De Natuurbeschermingswet 1998 regelt de bescherming van natuurgebieden in Nederland. Daarnaast regelt deze wet de aanwijzing van natuurgebieden die van nationaal of internationaal belang zijn: Beschermde Natuurmonumenten en Natura 2000-gebieden. De Natuurbeschermingswet bepaalt vervolgens wat er wél en niet mag in deze beschermde natuurgebieden.
De twee locaties liggen niet in of nabij een gebied dat is aangewezen in het kader van de Natuurbeschermingswet 1998, dat de ontwikkeling een significant effect op deze gebieden zal hebben. Het dichtstbijzijnde beschermde gebied c.q. Natura 2000-gebied 'Veluwe' ligt op ongeveer 5 respectievelijk 6 kilometer afstand van de locatie aan de Buurtweg 20 respectievelijk Lankerenseweg 2 in Voorthuizen.

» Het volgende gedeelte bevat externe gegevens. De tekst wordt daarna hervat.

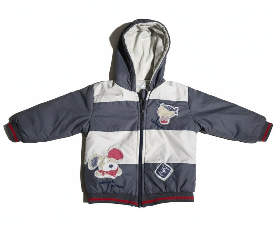 Kapüşonlu, fermuarlı ve fitted kesim erkek çocuk montu. Gri ve beyaz şeritler ile işleme detayları bulunur. Yumuşak ve sıcak kumaştan üretilmiştir.

De twee locaties liggen tevens, met een afstand van circa 1,2 kilometer (voor beide locaties), op een zodanig grote afstand van de provinciale Ecologische Hoofdstructuur (onder de noemers Verweving en Natuur), dat er ook voor deze gebieden geen sprake zal zijn van een significante aantasting van de wezenlijke kenmerken en waarden van het betreffende EHS-gebied. Vanwege de grote afstanden ten opzichte van de beschermde natuurgebieden en de beperkte ontwikkeling die met onderhavig bestemmingsplan mogelijk wordt gemaakt, zijn er als gevolg van onderhavig bestemmingsplan geen negatieve effecten voor deze gebieden te verwachten.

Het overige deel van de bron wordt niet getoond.